TRTIS_IMAGE="clara/trtis:0.2.0"

MODEL_NAME="segmentation_liver_v1"
NETWORK_NAME="container-demo"

# Install prerequisites
. envsetup.sh

# Create network
docker network create ${NETWORK_NAME}

# Run TRTIS(name: trtis), maping ./models/${MODEL_NAME} to /models/${MODEL_NAME}
# (localhost:8000 will be used)
nvidia-docker run --name trtis --network ${NETWORK_NAME} -d --rm --shm-size=1g --ulimit memlock=-1 --ulimit stack=67108864 \
    -p 8000:8000 \
    -v $(pwd)/models/${MODEL_NAME}:/models/${MODEL_NAME} ${TRTIS_IMAGE} \
    trtserver --model-store=/models

# Build Dockerfile
docker build -t ${APP_NAME} -f ${APP_NAME}/Dockerfile .

# Wait until TRTIS is ready
trtis_local_uri=$(docker inspect -f '{{range .NetworkSettings.Networks}}{{.IPAddress}}{{end}}' trtis)
echo -n "Wait until TRTIS ${trtis_local_uri} is ready..."
while [ $(curl -s ${trtis_local_uri}:8000/api/status | grep -c SERVER_READY) -eq 0 ]; do
    sleep 1
    echo -n "."
done
echo "done"

export NVIDIA_CLARA_TRTISURI="${trtis_local_uri}:8000"

# Run ${APP_NAME} container.
# Like below, Clara Core would launch the app container with the following environment variables internally,
# to provide input/output path information.
# (They are subject to change. Do not use the environment variables directly in your application!)
docker run --name ${APP_NAME} --network ${NETWORK_NAME} -it --rm \
    -v $(pwd)/input:/input \
    -v $(pwd)/output:/output \
    -v $(pwd)/logs:/logs \
    -v $(pwd)/publish:/publish \
    -e NVIDIA_CLARA_APPDIR \
    -e NVIDIA_CLARA_TRTISURI \
    ${APP_NAME}

echo "${APP_NAME} has finished."

# Stop TRTIS container
echo "Stopping TRTIS"
docker stop trtis > /dev/null

# Remove network
docker network remove ${NETWORK_NAME} > /dev/null

7.1.8.4. Step 4

Execute the script below, and wait for the application container to finish, ./run_liver.sh.

7.1.8.5. Step 5

Check for the following output files:

  1. Segmentation results in the output directory

    • One file of the same name as your input file, with extension .mhd

    • One file of the same name, with extension .raw

  2. Published data in the publish directory

    • Original volume image, image.mhd and image.raw.

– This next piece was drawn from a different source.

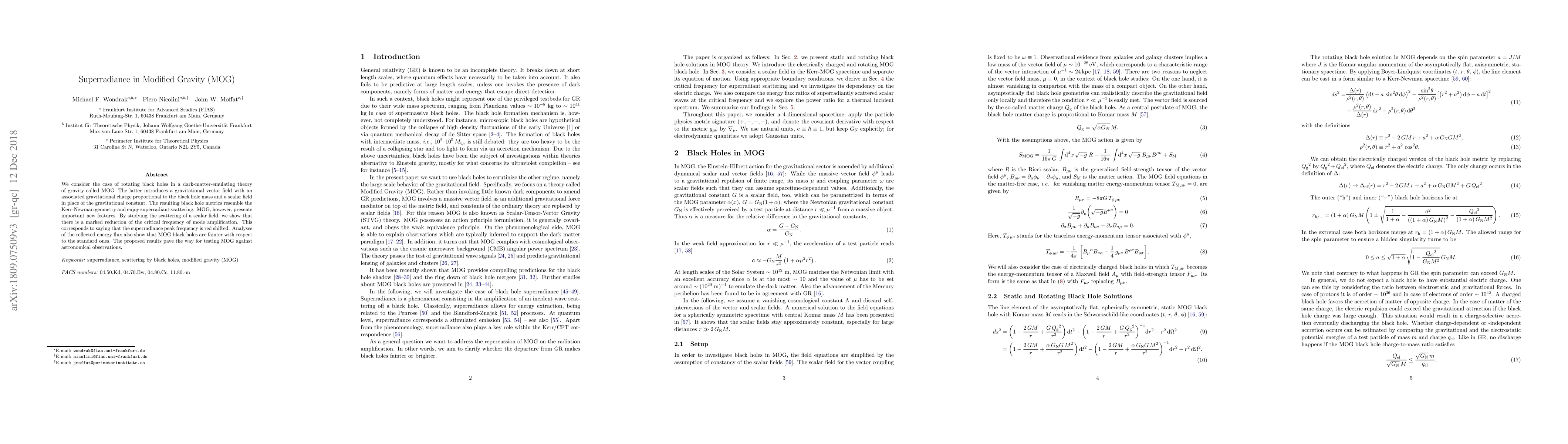 We consider the case of rotating black holes in a dark-matter-emulating theory of gravity called MOG. The latter introduces a gravitational vector field with an associated gravitational charge proportional to the black hole mass and a scalar field in place of the gravitational constant. The resulting black hole metrics resemble the Kerr-Newman geometry and enjoy superradiant scattering. MOG, however, presents important new features. By studying the scattering of a scalar field, we show that there is a marked reduction of the critical frequency of mode amplification. This corresponds to saying that the superradiance peak frequency is red shifted. Analyses of the reflected energy flux also show that MOG black holes are fainter with respect to the standard ones. The proposed results pave the way for testing MOG against astronomical observations.

    • Segmentation volume image, image.seg.mhd and image.seg.raw.

    • Render Server config file, config_render.json.

7.1.9. Creating Model Specific Application

This section describes how to use the base application container to build a model specific container to deploy TLT trained models.

7.1.9.1. Prerequisites

The user must first prepare data files using Clara Train TLT.

  • With TLT Export tool, export the trained model to a platform compatible with TRTIS, e.g. tensorflow_graphdef. The server side configuration file, config.pbtxt, must also be generated. For details, please refer to TRTIS and Clara Train SDK.

  • A client side model configuration file, model_config.json, should also be prepared.

  • The validation and inference pipeline configuration file must be available.

  • A test data set of volume image, in Nifti or MHD format, is available for testing the container directly.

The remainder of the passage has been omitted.